• [TASK]: For this exercise, write out only the lines of the entries below from the one with "Los Angeles Lakers'" up to and including the one with "Белая калитва Кастрюля, 6", exactly as they are. Pictures stay out.

• [RECORDS PROVIDED]:
┏━━
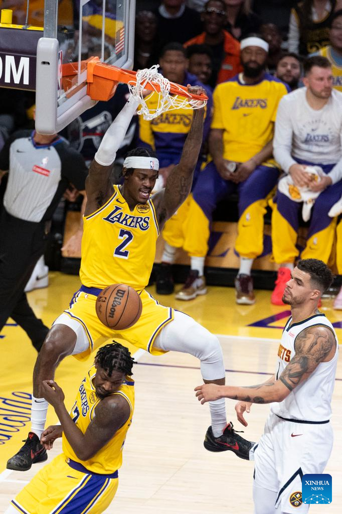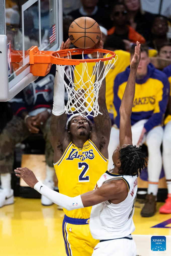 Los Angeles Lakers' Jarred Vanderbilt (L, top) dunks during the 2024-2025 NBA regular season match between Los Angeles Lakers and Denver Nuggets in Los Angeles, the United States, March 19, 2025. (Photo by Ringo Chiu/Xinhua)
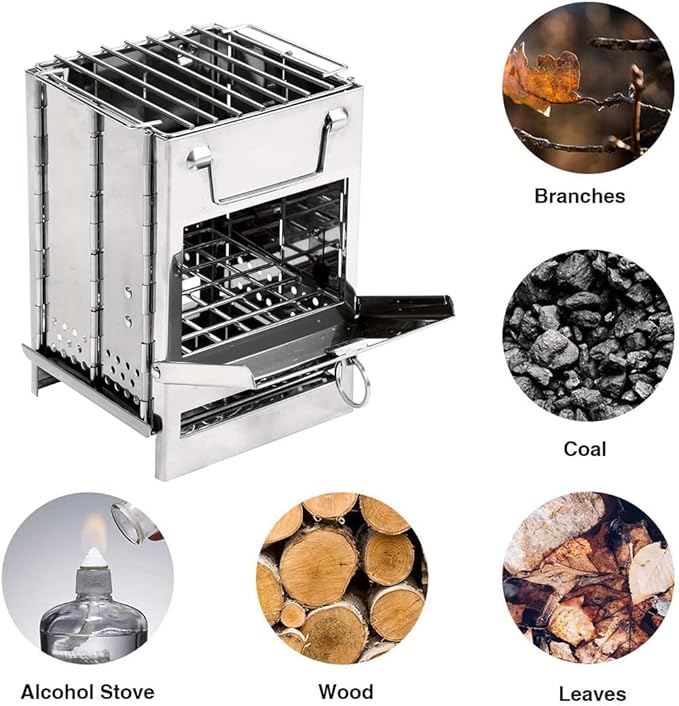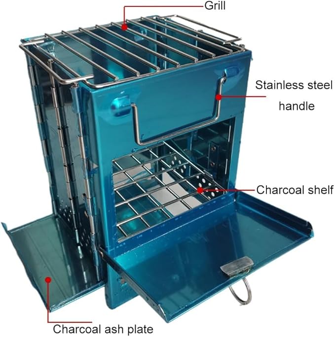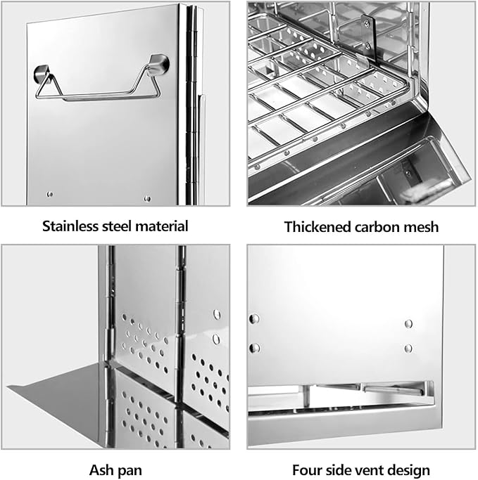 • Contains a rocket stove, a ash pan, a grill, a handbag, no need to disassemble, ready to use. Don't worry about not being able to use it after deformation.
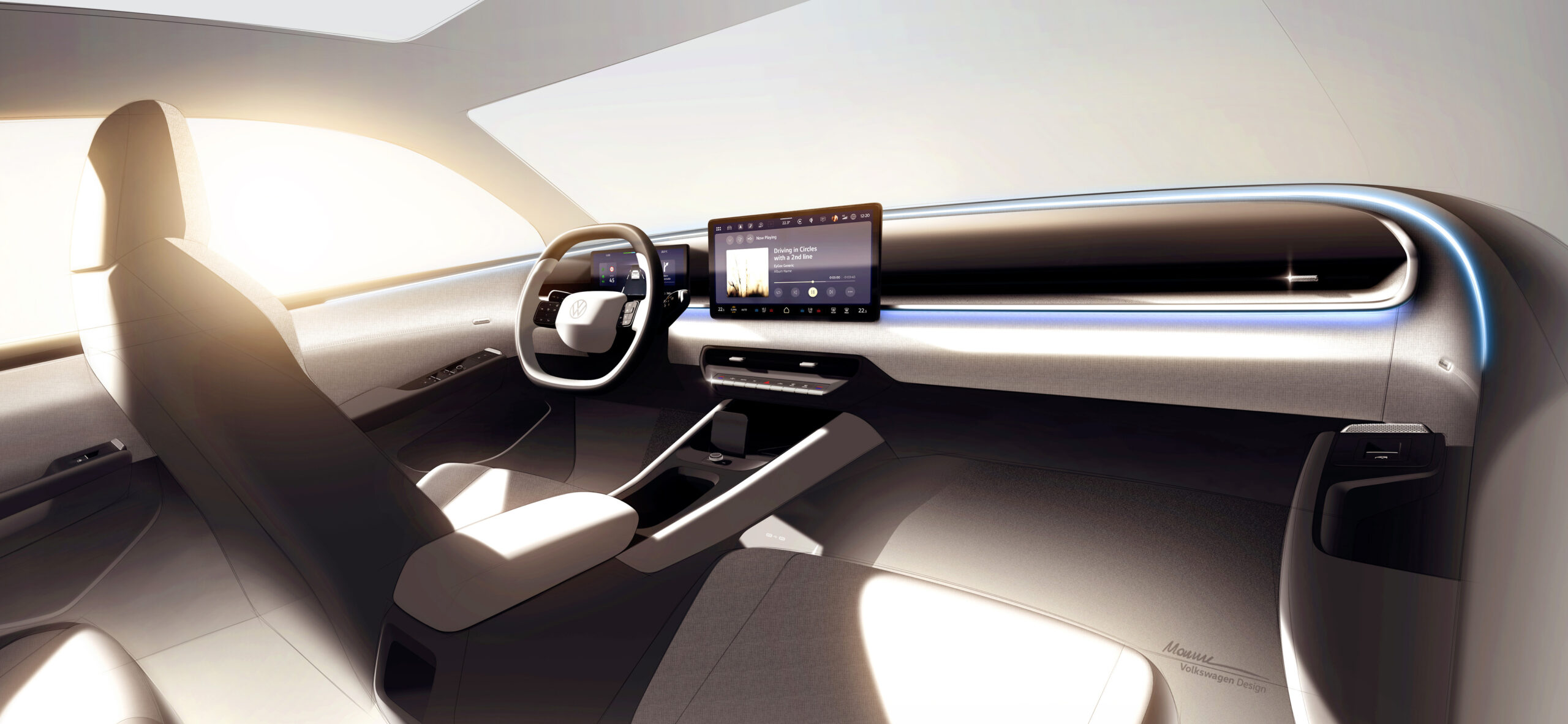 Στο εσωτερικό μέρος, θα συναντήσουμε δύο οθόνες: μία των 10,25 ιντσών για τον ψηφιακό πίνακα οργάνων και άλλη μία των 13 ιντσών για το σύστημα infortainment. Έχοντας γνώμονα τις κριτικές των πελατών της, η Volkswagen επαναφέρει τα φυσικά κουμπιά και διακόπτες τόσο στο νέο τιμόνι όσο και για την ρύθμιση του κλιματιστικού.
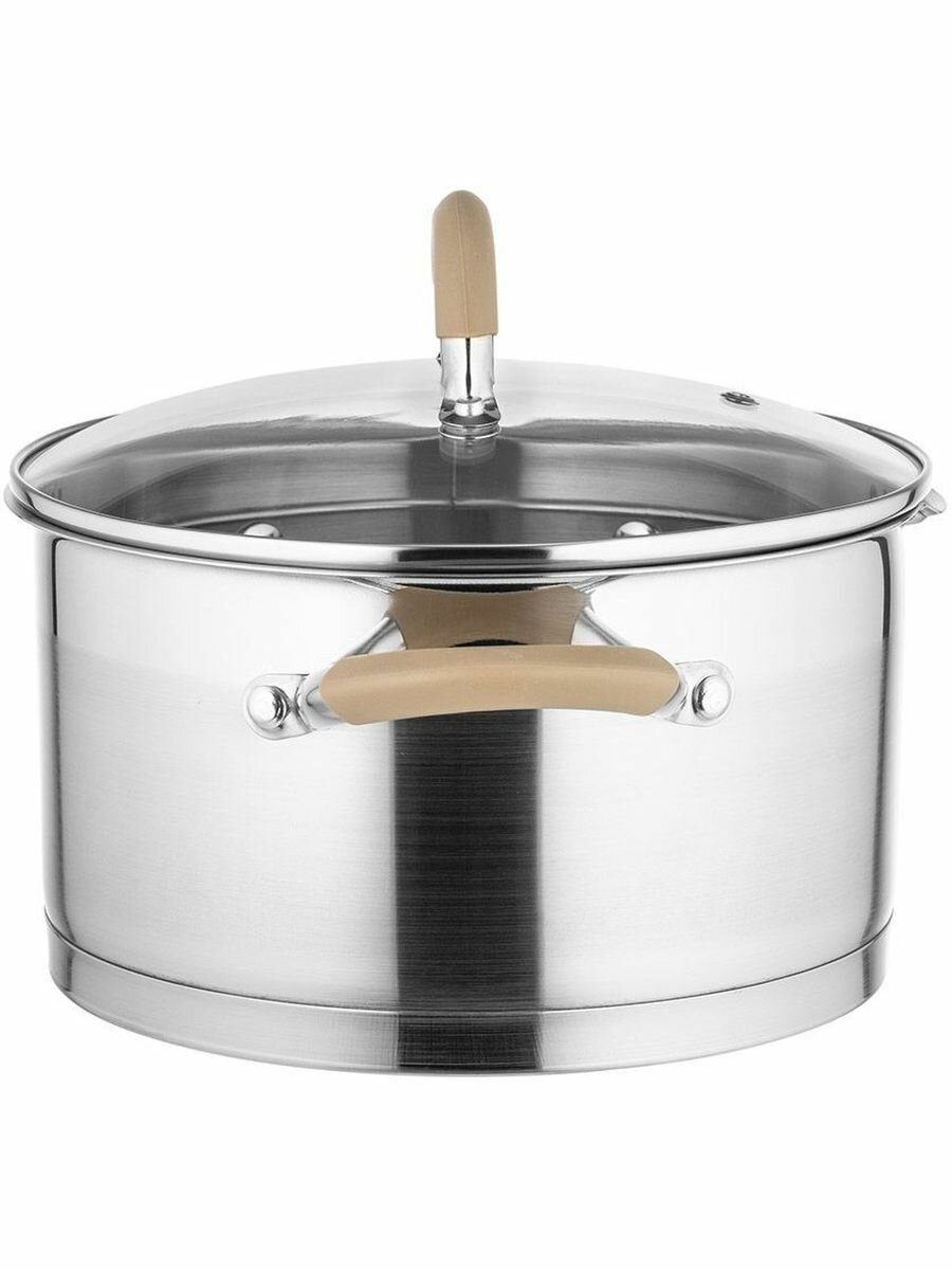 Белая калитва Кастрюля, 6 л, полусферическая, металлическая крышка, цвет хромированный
┗━━
┏━━
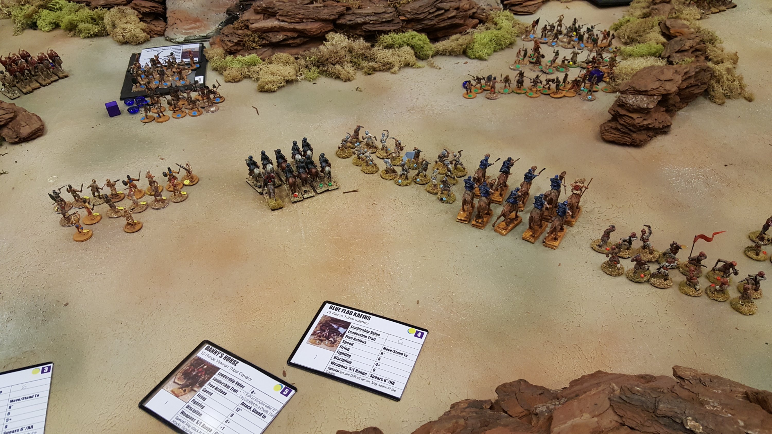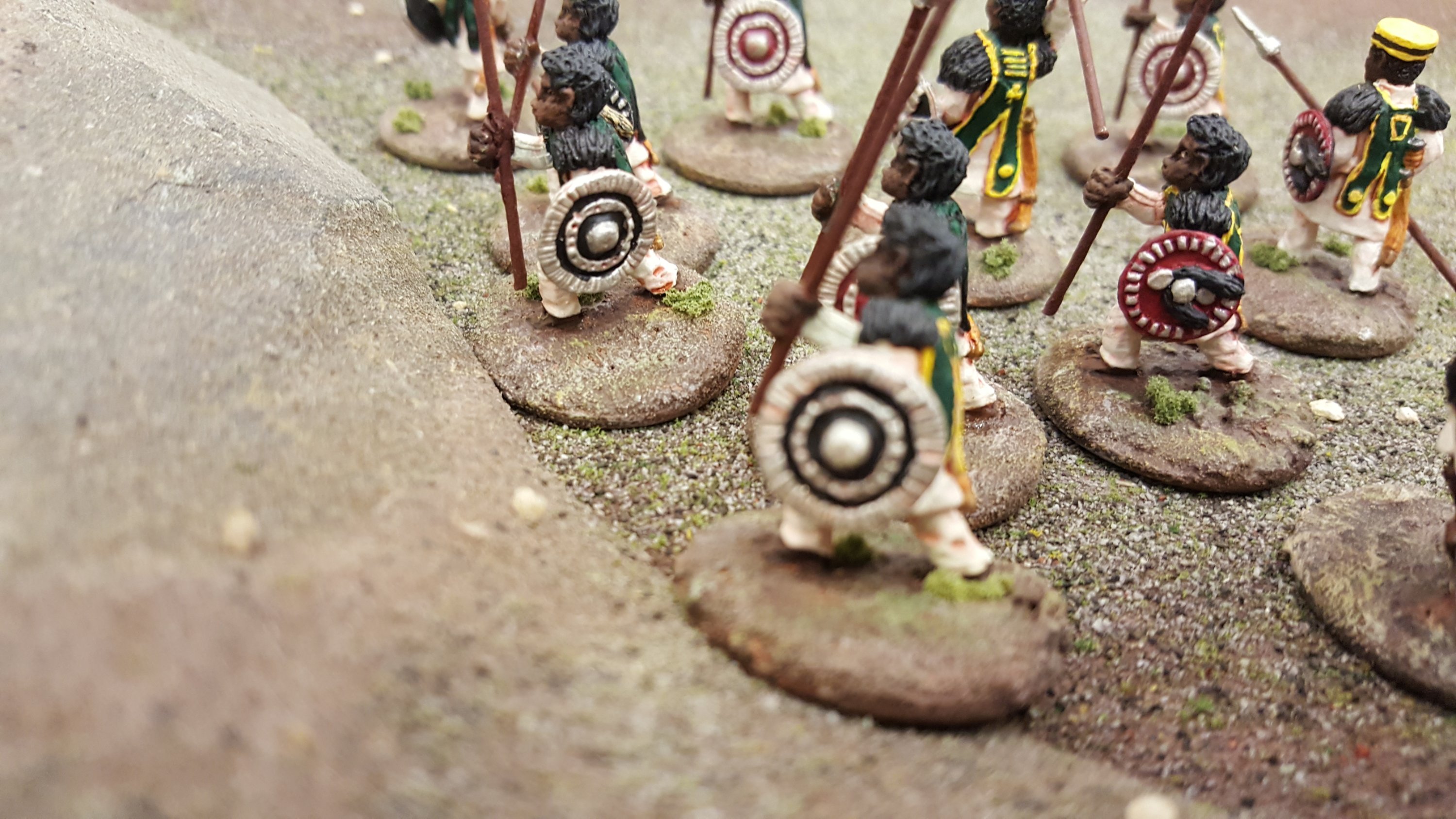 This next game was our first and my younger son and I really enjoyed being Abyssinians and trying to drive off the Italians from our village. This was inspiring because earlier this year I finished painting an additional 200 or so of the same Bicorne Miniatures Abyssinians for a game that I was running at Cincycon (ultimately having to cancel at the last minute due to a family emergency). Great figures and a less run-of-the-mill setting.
┗━━
• [SOLUTION TO THE PROBLEM]:
 Los Angeles Lakers' Jarred Vanderbilt (L, top) dunks during the 2024-2025 NBA regular season match between Los Angeles Lakers and Denver Nuggets in Los Angeles, the United States, March 19, 2025. (Photo by Ringo Chiu/Xinhua)
 • Contains a rocket stove, a ash pan, a grill, a handbag, no need to disassemble, ready to use. Don't worry about not being able to use it after deformation.
 Στο εσωτερικό μέρος, θα συναντήσουμε δύο οθόνες: μία των 10,25 ιντσών για τον ψηφιακό πίνακα οργάνων και άλλη μία των 13 ιντσών για το σύστημα infortainment. Έχοντας γνώμονα τις κριτικές των πελατών της, η Volkswagen επαναφέρει τα φυσικά κουμπιά και διακόπτες τόσο στο νέο τιμόνι όσο και για την ρύθμιση του κλιματιστικού.
 Белая калитва Кастрюля, 6 л, полусферическая, металлическая крышка, цвет хромированный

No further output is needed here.